Gloves are often subject to specific European (EN) standards, which define the requirements and testing procedures for various types of gloves. Some examples include:

1. 1. EN 388 Protective gloves against mechanical risks
   2. EN 420 General requirements for gloves, including sizing and labelling.
   3. EN 374 Gloves for protection against chemicals and micro-organisms.
   4. EN 511 Gloves for protection against cold.
   5. EN 407 Gloves for protection against thermal risks (heat and/or fire).

EN 388 focuses on gloves designed to protect against mechanical risks, these include abrasion, cut, puncture, and tear resistance.

• Abrasion – based on a score between 1 & 4
• Cut – based on a score between 1 & 5
• Tear – based on a score between 1 & 4
• Puncture – based on a score between 1 & 4

Abrasion, cut and tear are all still marked with a rating between 1-4 but in 2016 the new EN388 standard added two more tests for cut protection and impact protection.

New standards for cut protection

The new cut protection test increases the force of the sharp implements being used and it is scored between A & F with “F” being the maximum cut resistance of the ISO 13997 test and is awarded to any fabric that achieves a cut resistance equal to or greater than 30N or approximately 3.06kg.

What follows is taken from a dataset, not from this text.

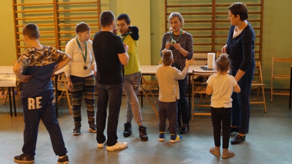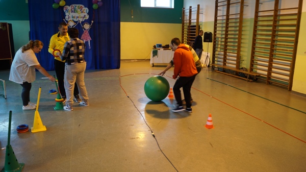 W dniu 10 października 2018 r. odbyła się realizacja projektu "Dzień Aktywności - Ja też potrafię". Uczestnikami zadania byli wychowankowie Zespołów Rewalidacyjno-Wychowawczych z Ośrodków Szkolno-Wychowawczych w Dorohusku i Hrubieszowie oraz drużyny z Ośrodków Rehabilitacyjno - Edukacyjno - Wychowawczych w Zamościu i Tomaszowie Lubelskim. Celem spotkania była chęć stworzenia dzieciom i młodzieży nowych doświadczeń poprzez zabawy ruchowe, twórczą ekspresję oraz integrację z rówieśnikami i opiekunami. Pokazaliśmy również, że dzieci z niepełnosprawnością intelektualną także potrafią aktywnie uczestniczyć w życiu społecznym i z twórczym zapałem podjąć się wykonywania ciekawych, a niekiedy skomplikowanych zadań.
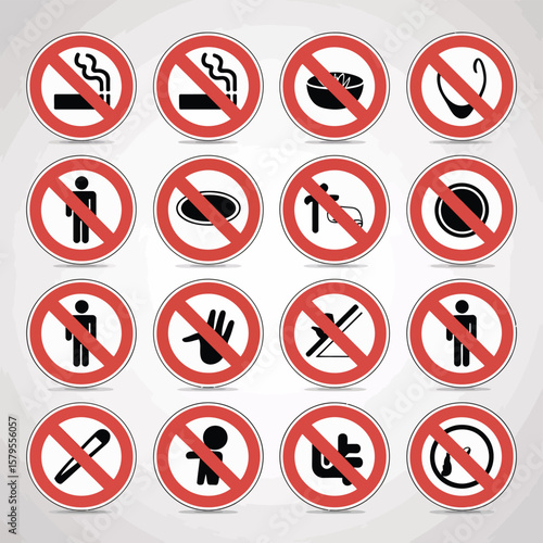 Collection of prohibition signs and forbidden symbols for safety and regulations

The ISO 13997 Cut Test is commonly referred to as a “real world” cut test because of its ability to measure cut force, which is widely considered a more relevant metric in workplace situations when a cut risk is present.

Impact Protection 

The EN388:2016 impact test measures resistance to a 2.5kg weight impacting on the glove with an energy of 5J (Joules). To pass the test, the glove material may not fracture or split and is measured in accordance with EN13594:2015.

The glove is awarded a “Pass” (P) if it can withstand nine (9) kilonewtons (kN) or more of force. The glove itself will be marked with either a “P” or no rating (marked as an X) if it fails or is untested.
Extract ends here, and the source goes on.